[Show abstract][Hide abstract] ABSTRACT: An immunohistochemical study on human autopsy lumbar intervertebral discs and surgical specimens was conducted.
To investigate the presence of phagocytic cells within herniated and nonherniated disc tissue and its correlation with disc calcification and degeneration.
Increasing knowledge is gathered on the molecular mechanisms of extracellular matrix degradation during the process of disc degeneration. However, the data available on the cells involved in this process are sparse.
Three different study populations were investigated: 1) 31 midsagittal tissue slices (age range, 0-86 years) encompassing the complete motion segment were decalcified and stained with a monoclonal antibody against the lysosomal CD68 antigen; 2) 12 additional midsagittal (undecalcified) tissue slices from normal fresh cadavers were resin-embedded and used for colocalization of calcifications (Kossa staining) and CD68-positive cells; and 3) in 53 surgical disc specimens from 32 individuals undergoing lumbar surgical interventions, the abundance of CD68-positive cells was correlated with diagnostic groups and magnetic resonance image findings.

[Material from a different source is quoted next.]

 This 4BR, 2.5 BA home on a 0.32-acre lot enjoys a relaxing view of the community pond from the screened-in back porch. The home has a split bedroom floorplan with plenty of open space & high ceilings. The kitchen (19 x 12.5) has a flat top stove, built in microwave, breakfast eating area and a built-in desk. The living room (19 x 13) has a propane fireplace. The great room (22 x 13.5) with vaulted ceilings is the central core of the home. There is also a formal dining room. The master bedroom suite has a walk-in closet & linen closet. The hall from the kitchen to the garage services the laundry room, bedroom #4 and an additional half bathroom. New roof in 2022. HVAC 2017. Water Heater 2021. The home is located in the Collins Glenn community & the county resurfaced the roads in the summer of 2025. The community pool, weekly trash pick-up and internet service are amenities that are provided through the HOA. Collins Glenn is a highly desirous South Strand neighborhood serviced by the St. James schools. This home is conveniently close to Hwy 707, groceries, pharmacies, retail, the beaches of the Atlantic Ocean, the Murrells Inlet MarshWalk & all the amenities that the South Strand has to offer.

In the discs of fetuses, infants, and adolescents, no labeled cells were seen. However, CD68-positive cells were detected in the nucleus pulposus of all individuals with histomorphologic signs of disc degeneration, predominantly in discs adjacent to cleft formations. Morphologically, CD68-positive cells did not differ from nuclear chondrocytes. In the anulus fibrosus, CD68-positive cells were seen less frequently. In the resin-embedded specimens, CD68-positive cells were not associated with tissue calcifications. In most of the surgical specimens, positive cells in cluster-like arrangements were seen frequently, particularly in areas of vascular ingrowth.

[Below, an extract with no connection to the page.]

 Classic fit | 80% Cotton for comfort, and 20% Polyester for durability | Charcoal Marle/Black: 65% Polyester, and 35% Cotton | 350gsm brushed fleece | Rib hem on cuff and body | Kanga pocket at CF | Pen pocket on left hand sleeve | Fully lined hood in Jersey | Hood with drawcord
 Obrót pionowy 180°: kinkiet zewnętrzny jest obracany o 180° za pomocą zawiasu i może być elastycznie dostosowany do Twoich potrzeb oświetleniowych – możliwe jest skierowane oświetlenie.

This is the first study describing the abundant presence of CD68-positive cells in human nonherniated disc nucleus pulposus. The findings additionally suggests that these cells are not invaded monocytes or macrophages, but rather, transformed resident cells. It is assumed that these cells are involved in the phagocytosis of extracellular matrix, and that discal cells therefore promote disc degradation, ultimately leading to a loss of biomechanical properties.